Anne of Avonlea. L.M. Montgomery. 1909. Read by Karen Savage. Available through Librovox. 7 hours and 20 minutes.
Last week I listened to Anne of Green Gables. It was LOVELY. This week I listened to the first of many sequels, Anne of Avonlea.
I really do love most--if not all--the Anne books. I'll qualify the statement: the emphasis is on LOVE. Anne of Ingleside is the only one I wouldn't say I LOVED. All the others are definitely in the LOVE, LOVE, LOVE camp. Anne of Ingleside, the last book WRITTEN for the series, is a definite like. I'm not sure if I will continue listening to this series one after the other. But I can't imagine skipping Anne of the Island.
L.M. Montgomery is ALL ABOUT CHARACTERS for me. And Anne of Avonlea has some WONDERFUL and UNFORGETTABLE characters.
Mr. Harrison about Mrs. Rachel Lynde:
"I detest that woman more than anybody I know. She can put a whole sermon, text, comment, and application, into six words, and throw it at you like a brick."
"I never was much of a talker till I came to Avonlea and then I had to begin in self-defense or Mrs. Lynde would have said I was dumb and started a subscription to have me taught sign language."Fun with Davy:
"Anne," said Davy, sitting up in bed and propping his chin on his hands, "Anne, where is sleep? People go to sleep every night, and of course I know it's the place where I do the things I dream, but I want to know WHERE it is and how I get there and back without knowing anything about it...and in my nighty too. Where is it?"
"I wish people could live on pudding. Why can't they, Marilla?

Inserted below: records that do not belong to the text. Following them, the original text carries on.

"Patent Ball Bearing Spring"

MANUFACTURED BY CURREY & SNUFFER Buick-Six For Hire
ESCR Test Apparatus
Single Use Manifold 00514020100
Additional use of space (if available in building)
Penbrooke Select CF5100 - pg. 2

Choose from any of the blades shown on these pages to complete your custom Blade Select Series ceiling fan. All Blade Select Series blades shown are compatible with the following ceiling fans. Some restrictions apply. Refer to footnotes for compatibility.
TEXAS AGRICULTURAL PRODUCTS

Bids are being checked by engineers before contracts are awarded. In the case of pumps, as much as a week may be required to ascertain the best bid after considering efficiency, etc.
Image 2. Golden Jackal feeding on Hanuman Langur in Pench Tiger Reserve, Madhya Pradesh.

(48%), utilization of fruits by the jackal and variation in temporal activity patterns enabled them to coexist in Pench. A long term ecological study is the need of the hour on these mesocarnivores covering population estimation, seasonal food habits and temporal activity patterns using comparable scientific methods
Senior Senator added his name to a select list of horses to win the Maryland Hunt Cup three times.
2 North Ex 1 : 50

I want to know."Paul Irving to Anne:
"Because they'd soon get tired of it."
"I'd like to try that for myself," said skeptical Davy.
"I've prayed every night that God would give me enough grace to enable me to eat every bit of my porridge in the mornings. But I've never been able to do it yet, and whether it's because I have too little grace or too much porridge I really can't decide."

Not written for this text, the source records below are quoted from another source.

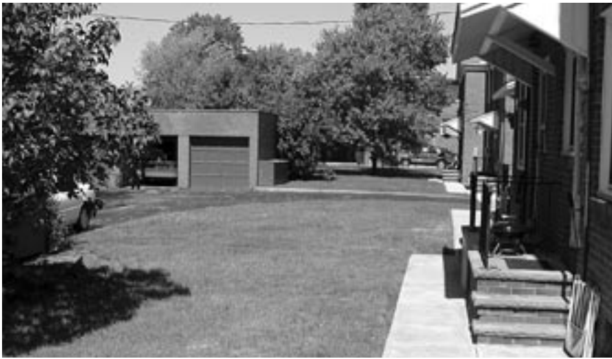
The backyard where Class Cutters entertained potential parents and children.
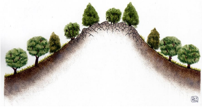
Figure 2. Vegetation catena with a quartzite rock field and a predominance of Juniperus oxycedrus subsp. lagunae , contacting towards the lower areas with forests of Fagaceae.
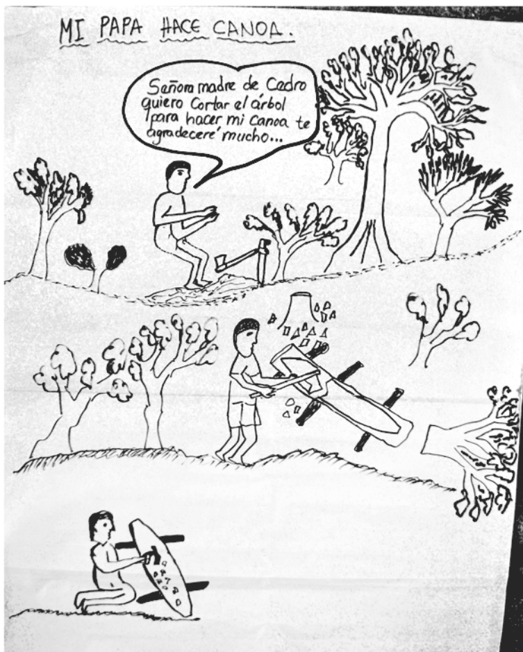
Figure 2. Canoe-making poster used in Pedro's Spanish class.
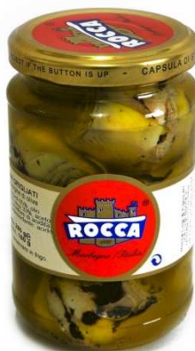
COD.B101 Grilled artichokes in extra virgin olive oil

"You're never safe from being surprised till you're dead."
“One can't get over the habit of being a little girl all at once.”
“After all," Anne had said to Marilla once, "I believe the nicest and sweetest days are not those on which anything very splendid or wonderful or exciting happens but just those that bring simple little pleasures, following one another softly, like pearls slipping off a string.”
“Anne had no sooner uttered the phrase, "home o'dreams," than it captivated her fancy and she immediately began the erection of one of her own. It was, of course, tenanted by an ideal master, dark, proud, and melancholy; but oddly enough, Gilbert Blythe persisted in hanging about too, helping her arrange pictures, lay out gardens, and accomplish sundry other tasks which a proud and melancholy hero evidently considered beneath his dignity. Anne tried to banish Gilbert's image from her castle in Spain but, somehow, he went on being there, so Anne, being in a hurry, gave up the attempt and pursued her aerial architecture with such success that her "home o'dreams" was built and furnished before Diana spoke again. ”
“…I think,' concluded Anne, hitting on a very vital truth, 'that we always love best the people who need us.”
“When I think something nice is going to happen I seem to fly right up on the wings of anticipation; and then the first thing I realize I drop down to earth with a thud. But really, Marilla, the flying part is glorious as long as it lasts...it's like soaring through a sunset. I think it almost pays for the thud.”
“It takes all sorts of people to make a world, as I've often heard, but I think there are some who could be spared,' Anne told her reflection in the east gable mirror that night.”
"If we have friends we should look only for the best in them and give them the best that is in us, don't you think? Then friendship would be the most beautiful thing in the world."
"In this world you've just got to hope for the best and prepare for the worst and take whatever God sends."